Update README.md

f707134 verified 20 days ago

6.66 kB

	---
	license: cc-by-nc-4.0
	tags:
	- agent
	- chemistry
	- environment
	---
	## Model Overview
	This model is an Contaminants of Emerging Concern Annotation Intelligent Agent built on the Dify platform, integrated with the Norman knowledge base, Pubchemlite_exposomics database, and Invitrodb_v4.3 database. It enables high-throughput, large-scale annotation of emerging contaminants, including usage classification and toxicity endpoints by inputting the IUPAC name of the target contaminant.

	## Model Purpose
	To construct a specialized knowledge database for emerging contaminants usage classification, which combines multi-source chemical/toxicological databases and AI agents.
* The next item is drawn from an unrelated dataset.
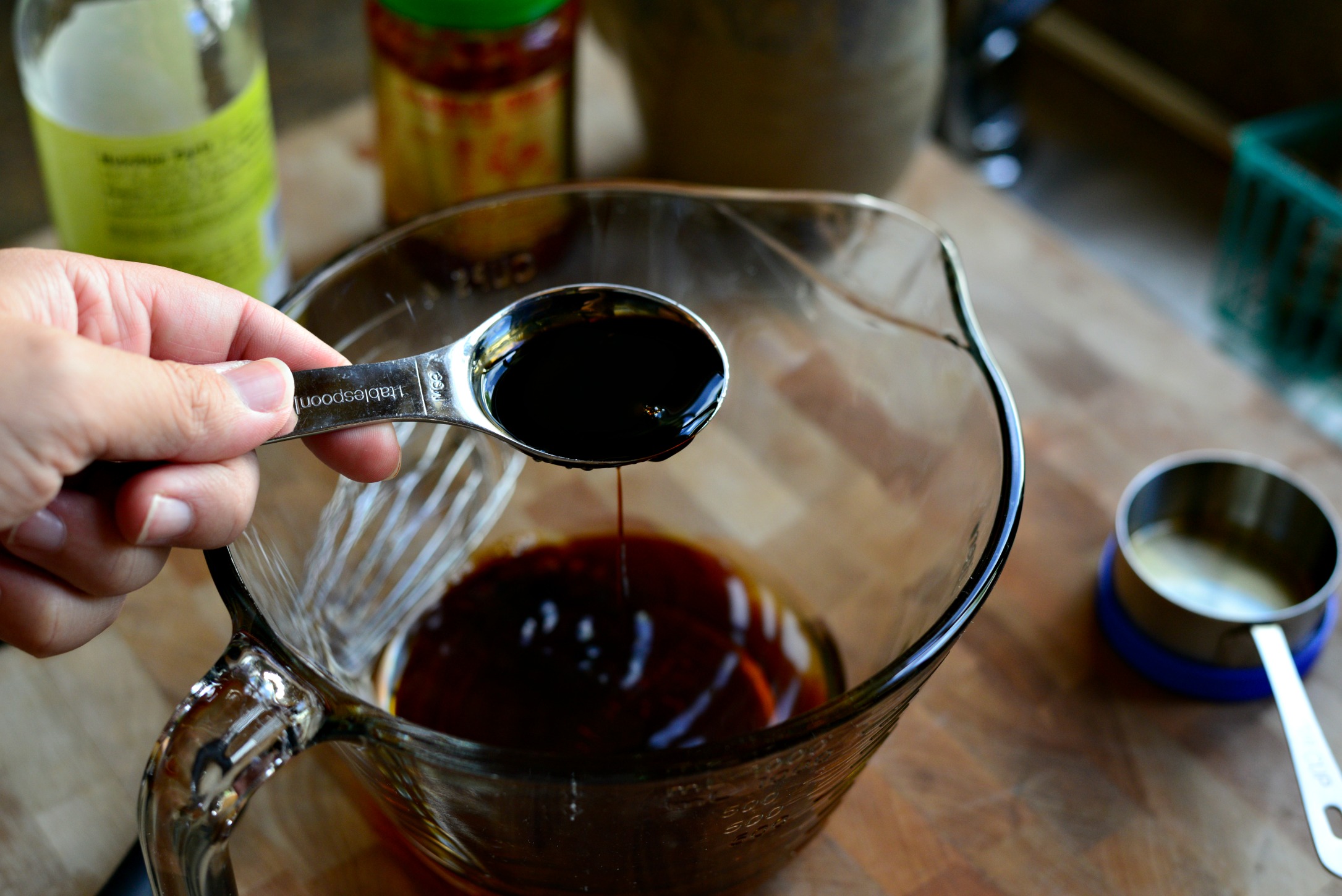 Then measure and add two tablespoons of low-sodium tamari. However, you could totally swap this with low-sodium soy sauce if that’s what you have on hand.

The core goals are:
	1. Realize fast and large-scale annotation of emerging contaminants' usage categories.
	2. Provide efficient query services for toxicity endpoints.
	3. Support high-throughput data analysis scenarios for emerging contaminants in environmental chemistry and toxicology research.

	## Key Definitions
	\| Term \| Definition \|
	\|------\|------------\|
	\| System \| Refers to the Emerging Contaminants Annotation Intelligent Agent Based on Dify Platform \|
	\| User \| Anyone authorized to use the functions of this system \|
	\| IUPAC Name \| A systematic naming convention formulated by IUPAC for accurately describing the composition and structure of chemical substances \|
	\| AI Agent \| A system based on large language models (LLMs) that understands user intentions and invokes multiple tools to solve complex tasks; in this system, it accepts IUPAC names of emerging contaminants and outputs usage classification, toxicity endpoints, and AC50 values \|
	\| Norman Database \| A network for monitoring and evaluating environmental pollutants, facilitating European and international cooperation and data sharing in environmental pollution monitoring; classifies over 100,000 chemicals \|
	\| Pubchemlite_exposomics Database \| An open-source organic molecule information database derived from PubChem, applicable for mass spectrometry analysis and non-targeted identification of unknown pollutants \|
	\| Invitrodb_v4.3 Database \| The core database of US EPA ToxCast, storing a large amount of biological activity data, analysis workflows, and metadata of compounds generated by high-throughput screening (HTS) \|

	## System Architecture & Components
	### Core Databases Deployment
	The system integrates three core databases with differentiated deployment strategies:
	1. Norman Chemical Classification Database
	- Serves as a relational knowledge base, uploaded and parsed on the FastGPT platform, then embedded into the Dify platform.
	- Optimized classification: Integrated or removed redundant categories, finally categorized chemicals into 9 classes.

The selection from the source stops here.